From the beginning of the 1960s to the end of the 1970s, Italian Communism—represented by the biggest Communist political party in the West—lost its propulsive force. The myth of “revolution” expired; the crucial social and economic role of the industrial working class disappeared; the capitalistic system consolidated itself as a mass consumerist society. In addition, there were important sociological changes in the leadership of the Italian Communist Party. First, we must specify who the Italian Communist militants were at the beginning, especially in the immediate years after World War II and in the first twenty years of the Republican period (1945-1965). During these years the Communist Party presented itself as an organization with a clearly defined identity and sense of purpose toward both outsiders and its own militants: the militant’s everyday life was dominated by the so-called “Stalinist metaphor” (“metafora staliniana,” a term coined by the Italian scholar Giuseppe Carlo Marino). What does that mean? To Communists, words such as “Stalin” and “USSR” signified an “ideal of absolute happiness, synthesis of moral standards and welfare, in opposition to the disturbing and corrupting promises of the American capitalism.”

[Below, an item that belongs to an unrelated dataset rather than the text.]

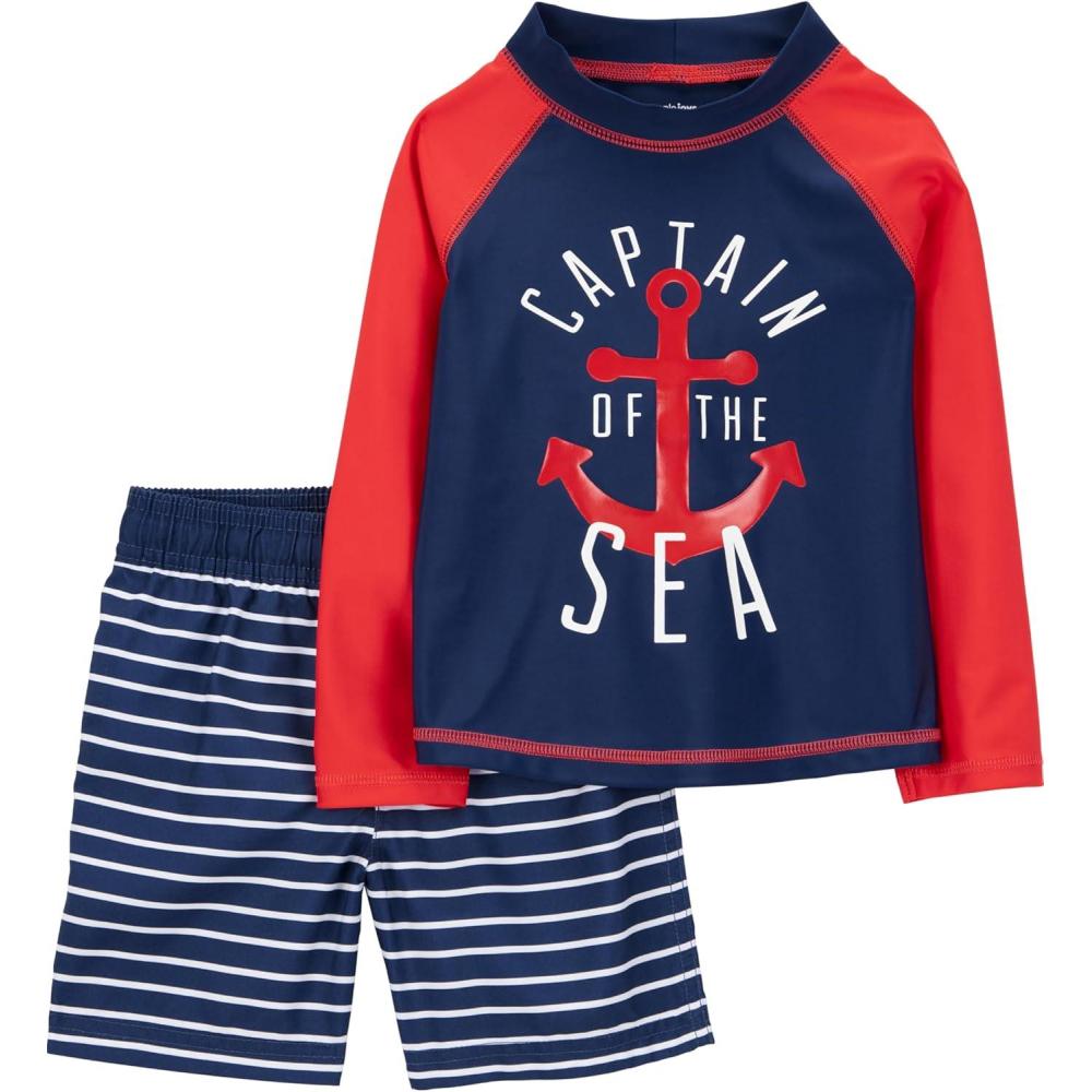 Simple Joys by Carter’s Baby-Boys Swimsuit Trunk and Rashguard Set(Navy Red Anchor/White Stripe)
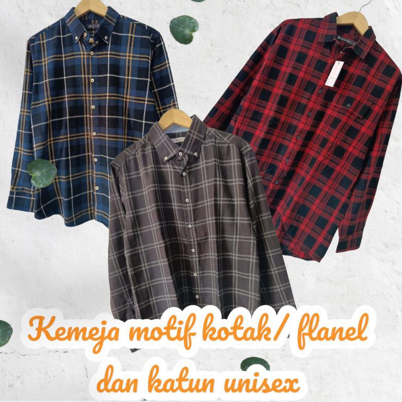 Detail Kemeja flanel kotak katun pria dan wanita unisex

The cult of personality surrounding Stalin persisted well after the death of that Soviet leader, continuing into the 20th Congress of the Soviet Communist Party and the so-called “de-Stalinization” efforts begun in 1956. Pictures of Stalin still graced the premises of many local branches of the Italian Communist Party, pictures that were nonetheless hidden during visits from party officials in Rome. For these members of the old guard, Stalin stood as a symbol of real Communist utopia, the realization of a human society no longer defined by contradiction or struggle. In some ways nostalgia for the first period of the USSR’s life, the early days of the Revolution, was already apparent among Communist militants in the mid-1950s. During the first ten years of the postwar period, the leader of the Italian Communist Party, Palmiro Togliatti, frequently stressed the “diversity” among Communists. Because they saw themselves as fighting for worldwide social justice, assisting the poor and the oppressed, Communists believed themselves to hold the moral high ground in Italian cultural life. A kind of Manichaeism took a hold of the mind of the Communist militant, a belief in the purity of his struggle and in his cultural superiority. Togliatti always said that the dialectical materialism of Marxist-Leninist theory was the only true understanding of universal human history. If many Italian intellectuals believed this, it was the party’s militants above all who were persuaded by it.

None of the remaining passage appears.